1. The continuous cold oil soaking workstation comprises an oil soaking groove (3), a material conveying device (2) arranged on the oil soaking groove (3) and an oil cooler (1) for oil circulation, and is characterized in that the oil soaking groove (3) comprises an oil outlet cavity (31) which is arranged oppositely and an oil return cavity (32) which is arranged between the two oil outlet cavities (31), the material conveying device (2) is arranged above the oil return cavity (32), an oil passing plate (33) is arranged between the oil outlet cavity (31) and the oil return cavity (32), the oil outlet cavity (31) is connected with a liquid outlet (11) of the oil cooler (1), and the oil return cavity (32) is connected with a liquid inlet (12) of the oil cooler (1);

the oil return cavity (32) is provided with a plurality of isolation cavities (321) along the conveying direction of the conveying device (2), a separation plate (322) is arranged between every two adjacent isolation cavities (321), and a backflow port (324) connected with the oil cooler (1) is arranged in the isolation cavity (321) positioned at the starting position of the conveying direction of the conveying device (2);

the separation plate (322) is provided with a communication groove (323) for products and oil to pass through;

the oil outlet cavity (31) is provided with a displacement baffle (34), and the displacement baffle (34) comprises a sliding frame (341) and a sliding block (342) arranged on the sliding frame (341) in a sliding manner;

the width of the sliding block (342) is equal to the interval between two adjacent separation plates (322);

the sliding block (342) extends towards one side of the oil passing plate (33) to form a stop block (3421), and the stop block (3421) is flush with the upper end of the oil passing plate (33).

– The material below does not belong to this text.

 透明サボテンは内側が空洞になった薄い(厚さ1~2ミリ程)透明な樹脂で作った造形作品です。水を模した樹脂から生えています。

2. A continuous oil immersion workstation as claimed in claim 1, characterized in that a Y-shaped connecting pipe (13) is arranged between the two oil outlet cavities (31), and the oil cooler (1) is communicated with the oil outlet cavities (31) through the Y-shaped connecting pipe (13).

3. A continuous immersion oil workstation as claimed in claim 2, characterized in that the bottom of the oil outlet chamber (31) is provided with a barrier baffle (311), and that the barrier baffle (311) is provided with mesh openings (312).

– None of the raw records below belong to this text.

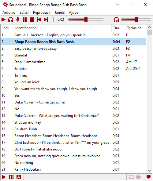 Defina teclas de atalho para cada arquivo de som e reproduza-os rapidamente durante o jogo.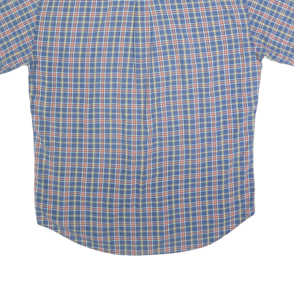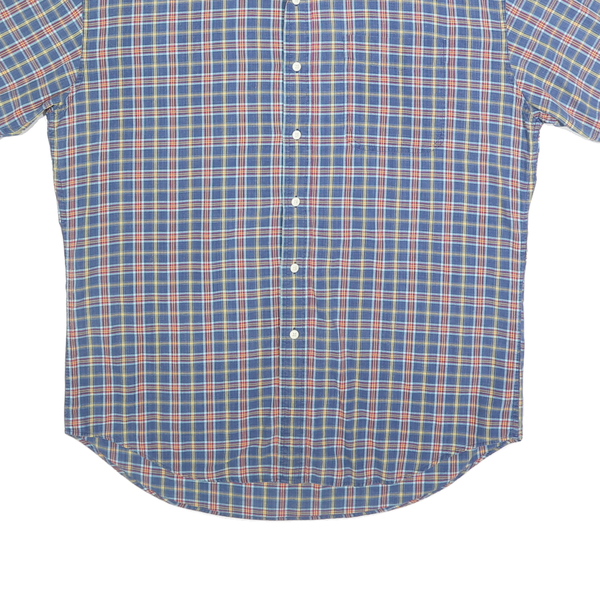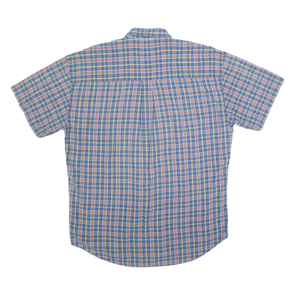 CHAPS Mens Blue Check Shirt L Cotton Casual Short Sleeve Button Down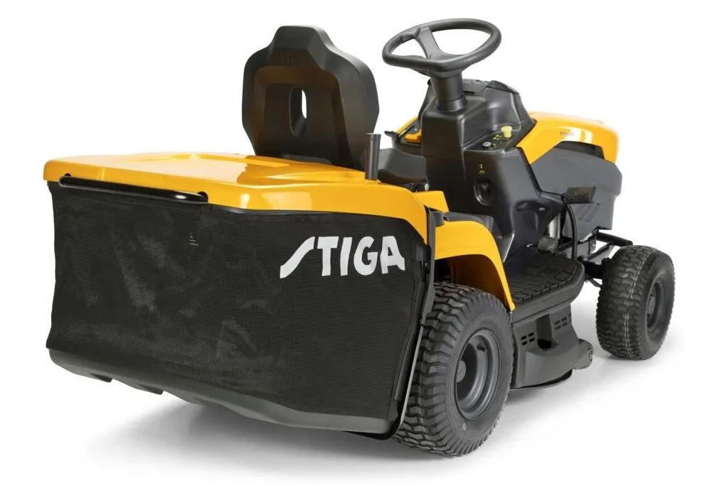 Zahradní traktor s motorem STIGA o objemu 432 cm³ s žacím ústrojím o šířce 84 cm se dvěma noži a zadním sběrným košem na trávu o objemu 240 l.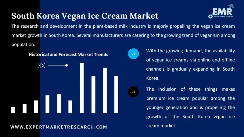 Premiumisation, health benefits, increased social media usage and awareness regarding veganism, growth of R&D work, increased disposable income and high living standards are the major trends of the vegan ice cream industry in South Korea.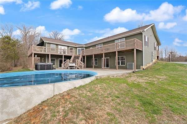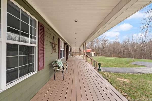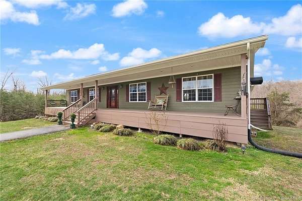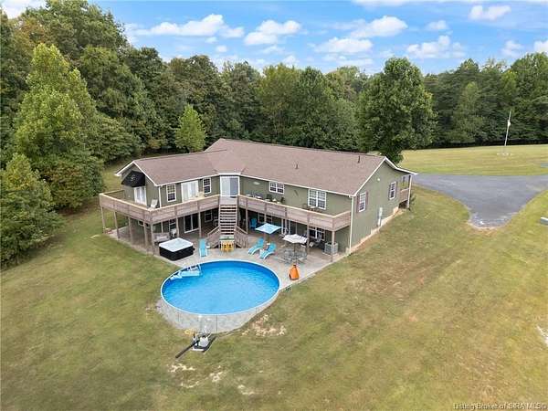 PRIVATE & SERENE RETREAT just minutes from SCOTTSBRG and Madison! This sprawling RANCH offers over 2,600 SQ FT of FIRST FLOOR LIVING on 15+ ACRES of picturesque land. Step onto the FULL-WIDTH COVERED FRONT PORCH and into a breathtaking OPEN CONCEPT layout featuring HARDWOOD FLOORS and SOARING CEILINGS throughout the main living areas filled with natural light. The CHEF'S KITCHEN is a showstopper with CUSTOM CABINETRY, TILED BACKSPLASH, STAINLESS APPLIANCES, and DOUBLE OVENS, perfect for entertaining. A music or sitting area welcomes you just before entering the expansive PRIMARY SUITE, which features FRENCH DOORS leading to the back deck and stunning POND VIEWS. The en-suite bath includes a JETTED TUB, SEPARATE SHOWER, and WALK-IN CLOSET. Bedrooms 2 and 3 are generously sized and share a full bath. The FULL UNFINISHED WALKOUT BASEMENT offers endless potential for additional living space, recreation, or storage. Outdoors, enjoy PANORAMIC VIEWS from the WRAPAROUND DECK overlooking a FULLY STOCKED 2-ACRE POND, ABOVE-GROUND POOL, SHE SHED, and a 36x80 POLE BARN with CONCRETE FLOOR & ELECTRIC. Explore OPEN & WELL-MAINTAINED TRAILS through the wooded acreage with abundant WILDLIFE throughout. NEW ROOF in 2025. ADDITIONAL ACREAGE AVAILABLE. A rare opportunity to own your own private retreat! Room measurements are approximate and should be independently verified by the buyer.

4. A continuous immersion oil workstation according to claim 3, characterized in that the slider (342) is arranged in a C-shape and is hung on the slider (341), and a limit bolt (343) abutting against the slider (341) is connected to the slider (342) in a threaded manner.

5. The continuous immersion oil workstation as recited in claim 4, characterized in that two ends of the sliding frame (341) are provided with a clamping groove (3411) for clamping the side wall of the oil outlet cavity (31), and the clamping groove (3411) is internally and threadedly connected with a locking bolt (344) abutted against the side wall of the oil outlet cavity (31).